### What to do
Strip out the pictures and output each remaining line of the data word for word.

### Data segment
※ ※ ※

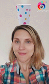 Сup of very hot coffee is on the user’s head. The drink comes over their face when the user raises their eyebrows!
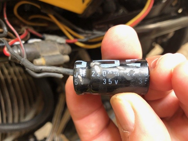 Dieser Kondensator ist als alleiniger Batterieersatz zu klein, kann aber bei einer angeschlagenen Batterie die Funktion des Reglers verbessern. Da kann ansonsten die Netzspannung zu niedrig sein. Normal sollte er die zehnfache Kapazität haben, und die knapp doppelte Spannungsfestigkeit besitzen, um ohne Batterie eine vernünftige Bordspannung zu bekommen.
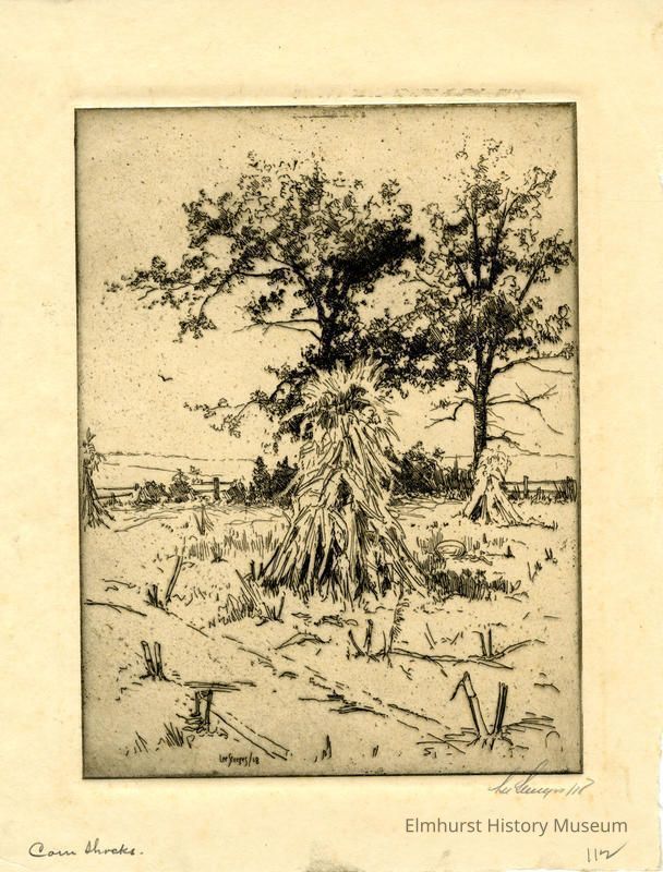 Etching mounted on a 2-page mat: etching features a large shock of cornstocks in the center and trees, more cornshocks and a fenceline in the background. Signed and dated.

※ ※ ※

### Exercise solution
 Сup of very hot coffee is on the user’s head. The drink comes over their face when the user raises their eyebrows!
 Dieser Kondensator ist als alleiniger Batterieersatz zu klein, kann aber bei einer angeschlagenen Batterie die Funktion des Reglers verbessern. Da kann ansonsten die Netzspannung zu niedrig sein. Normal sollte er die zehnfache Kapazität haben, und die knapp doppelte Spannungsfestigkeit besitzen, um ohne Batterie eine vernünftige Bordspannung zu bekommen.
 Etching mounted on a 2-page mat: etching features a large shock of cornstocks in the center and trees, more cornshocks and a fenceline in the background. Signed and dated.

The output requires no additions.